─── Input data
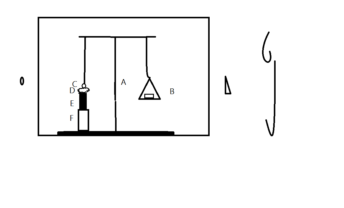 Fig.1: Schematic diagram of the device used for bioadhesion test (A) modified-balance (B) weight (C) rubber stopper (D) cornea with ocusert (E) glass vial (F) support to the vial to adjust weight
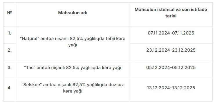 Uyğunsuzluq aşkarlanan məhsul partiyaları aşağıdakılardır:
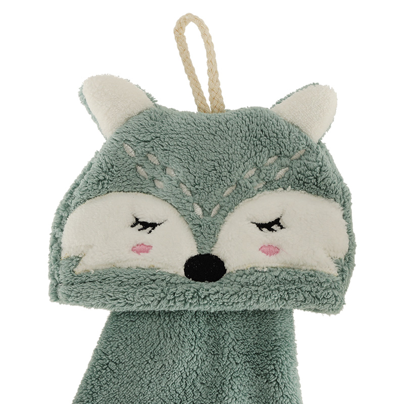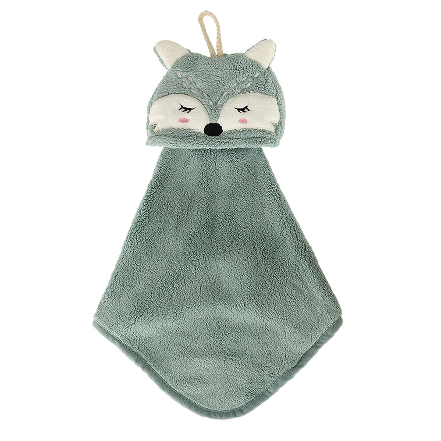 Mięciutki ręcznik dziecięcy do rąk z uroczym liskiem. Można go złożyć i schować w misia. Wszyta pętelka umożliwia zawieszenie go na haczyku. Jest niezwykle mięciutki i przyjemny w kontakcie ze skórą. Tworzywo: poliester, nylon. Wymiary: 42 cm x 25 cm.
──────
> [Task directions]
What you return should be the exact lines from the one containing "Uyğunsuzluq aşkarlanan məhsul" through the end of the listing above, both included, minus any pictures.

> [Output of the task]
 Uyğunsuzluq aşkarlanan məhsul partiyaları aşağıdakılardır:
 Mięciutki ręcznik dziecięcy do rąk z uroczym liskiem. Można go złożyć i schować w misia. Wszyta pętelka umożliwia zawieszenie go na haczyku. Jest niezwykle mięciutki i przyjemny w kontakcie ze skórą. Tworzywo: poliester, nylon. Wymiary: 42 cm x 25 cm.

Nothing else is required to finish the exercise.